Esas No: 2019/2192
Karar No: 2021/1663
Karar Tarihi: 25.11.2021
BAM Hukuk Mahkemeleri İstanbul Bölge Adliye Mahkemesi 13. Hukuk Dairesi 2019/2192 Esas 2021/1663 Karar Sayılı İlamı
T.C.
İSTANBUL
BÖLGE ADLİYE MAHKEMESİ
13. HUKUK DAİRESİ
DOSYA NO: 2019/2192 Esas
KARAR NO: 2021/1663 Karar
T Ü R K M İ L L E T İ A D I N A
B Ö L G E A D L İ Y E M A H K E M E S İ K A R A R I
İNCELENEN KARARIN
MAHKEMESİ: İSTANBUL ANADOLU 7. ASLİYE TİCARET MAHKEMESİ
NUMARASI: 2017/165 Esas - 2019/891 Karar
TARİH: 09/07/2019
DAVA: Alacak (Şirket Hisse DEvir Sözleşmesinden Kaynaklanan)
KARAR TARİHİ: 25/11/2021
İlk derece Mahkemesinde yapılan inceleme sonucunda verilen karara karşı istinaf kanun yoluna başvurulmuş olmakla dava dosyası incelendi:
TARAFLARIN İDDİA VE SAVUNMASININ ÖZETİ: Davacı vekili, taraflar arasında akdedilen 07/03/2008 tarihli protokol uyarınca davacı eski kurucu ortağa yapılması gereken ödemelerin yapılmaması ve verilmesi taahhüt edilen araç ve taşınmazların devrinin yapılamaması sebebi ile davalı şirket aleyhinde önce Kartal ... Noterliğinin 14/05/2008 tarih ve ... yevmiye no'lu ihtarnamesi ile ihtar gönderildiğini ve akabinde İstanbul Anadolu 7. Asliye Ticaret Mahkemesi'nin 2014/951 E. Sayılı dosyası ile alacak davası açıldığını, imzalanan protokolden sonra davalı tarafın 07/03/2008-29/04/2008 tarihleri arasında 4 parça şekilde 18.650,00 TL ödeme yaptığını, ödenecekler kısmının tahsil şartına bağlı olmayan için ihtarname gönderildiğini, verilecekler kısmında ise bir araç ve daire bulunduğunu, davalının protokoldeki hiçbir edimi yerine getirmediğini, İstanbul Anadolu 7. Asliye Ticaret Mahkemesi'nin 2014/951 E. dosyasında önceden ödenen 18.650,00 TL’nin mahsubu ile taşınmaz için 23.150,00 TL, araç için 17.750,00 TL ve tahsil şartına bağlı olmayan alacak kalemi olarak 46.950,00 TL ve 3.096,00 Euro alacaklı olunduğunun tespit edildiğini, ancak bozmadan sonra ıslah mümkün olmadığı gerekçesiyle sadece 10.000,00 TL’nin hüküm altına alındığını ve bakiye alacak yönünden fazlaya dair hakların saklı tutulmasına karar verildiğini ileri sürerek, 36.950,00 TL ile 3.096,00 Euro alacağın 26/06/2008 tarihinden itibaren TL cinsinden alacağa avans faizi, euro cinsinden alacağa ise bankaların uyguladığı en yüksek mevduat faizi ile, 23.150,00 TL taşınmaz bedeli için 26/06/2008 tarihinden itibaren işleyecek avans faizi, 17.750,00 TL araç bedeli için 26/06/2008 tarihinden itibaren işleyecek avans faizi ile davalı şirketten tahssiline karar verilmesini talep ve dava etmiştir. Davalı usulüne uygun davetiye tebliğine rağmen davaya cevap vermemiştir.

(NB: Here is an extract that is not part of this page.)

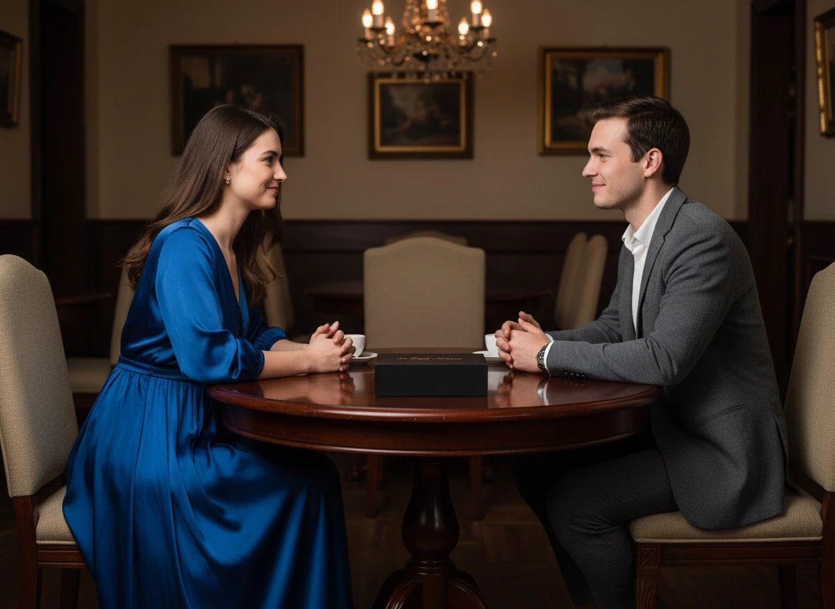 Darčeková krabica: čierna luxusná kartónová krabica so zlatým textom "Le Cafe Manet" na vrchu, krabica má štýlové vyklápacie otváranie s magnetom
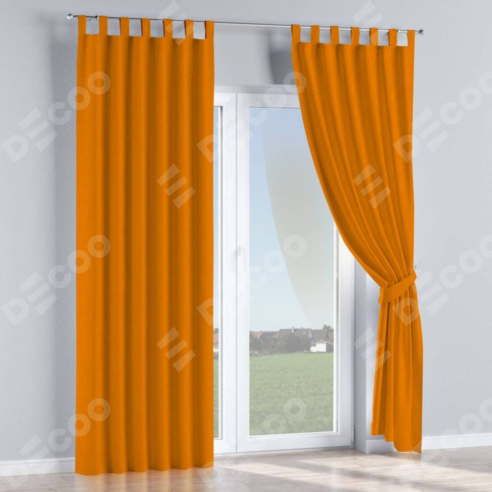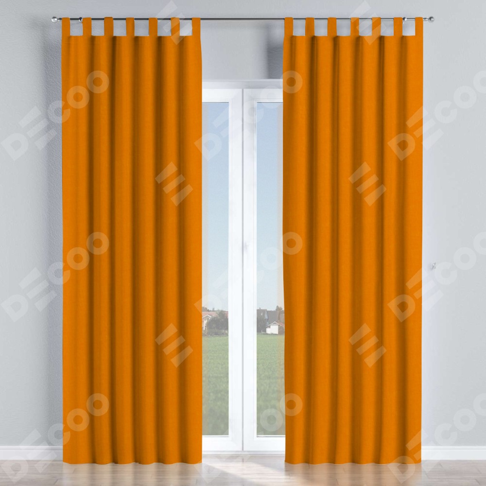 Комплект прямых штор, от производителя «Cortin», пошиты из ткани канвас оранжевый, артикул ткани v-106. Данная модель пошита на петлях, комплектуется на выбор круглым карнизом и подходит для монтажа на стену или потолок. Прямые шторы на петлях шьются по стандарту с коэффициентом 1/2 (на 100 см. ширины проёма 200 см. ширины ткани), отличительным преимуществом данной модели является простой способ монтажа. Достаточно повесить ее на трубу и штора готова!

İLK DERECE MAHKEMESİNİN KARARININ ÖZETİ: İlk Derece Mahkemesi 09/07/2019 tarih ve 2017/165 Esas 2019/891 Karar sayılı Kararı ile; " ….… Mahkememizin 2014/951E. Sayılı dosyaında yapılan bilirkişi incelemesi ve belirlenen değerler yönünden protokol gereğince davacının talep edebileceği alacaklar için bilirkişi incelemesi yaptırılmış ve bilirkişi tarafından verilen ve denetime olanak verecek şekilde hazırlanan rapora göre,davacının davalıya Kartal ... Noterliğinin 14.05.2018 tarih ... yevmiye nolu ihtarnamesinde davalıdan tahsil şartına bağlı olmayan alacaklar için 36.950,00 TL ve 3.096,00Euro ile taşınmaz ve araç devrinin talep edildiği, Mahkememizin 2014/951 E. Sayılı dosyasında devri istenen taşınmaz için değerin 23.150,00 TL değer tespiti yapıldığı araç bedelinin ise 17.750,00 TL olduğu,ayrıca davacının Mahkeme ilamı ile belirlenmiş ve tahsil şartına bağlı olmayan 36.950,00 TL alacağı ile 3.096,00 Euro alacağı blunduğu, TL alacağı için ilk açılan dava tarihi 26.06.2008 tarihi itibarı ile davalının temerrüdünün oluştuğu, toplam 77.850,00 TL alacağına alacak ticari olmakla avans faizi işletilmek sureti ile, Euro cinsinden alacağına ilk dava tarihi olan temerrüt tarihi 26.06.2008 tarihinden itibaren 3095 S.Y 4/a maddesi gereğince kamu bankalarının bu döviz cinsine 1 yıllık mevduata uyguladığı en yüksek faiz uygulanmak sureti ile davalıdan tahsiline karar verilmesi gerektiği …." gerekçeleri ile; " 1-Davanın kabulü ile, 2-23.150,00 TL taşınmaz bedeli, 17.750,00 TL araç bedeli ve 36.950,00 TL alacak bedeli olmak üzere toplam 77.850,00 TL alacağın 26/06/2008 tarihinden itibaren işleyecek avans faizi ile birlikte tahsili ile davacıya ödenmesine, davacının 3096 EURO alacağı için 26/06/2008 tarihinden itibaren kamu bankalarının bir yıllık mevduata uyguladığı en yüksek faiz uygulanmak sureti ile fiili ödeme tarihindeki TL karşılığının davalıdan alınarak davacıya ödenmesine, " karar verilmiş ve verilen karara karşı, davalı tarafından istinaf kanun yoluna başvurulmuştur.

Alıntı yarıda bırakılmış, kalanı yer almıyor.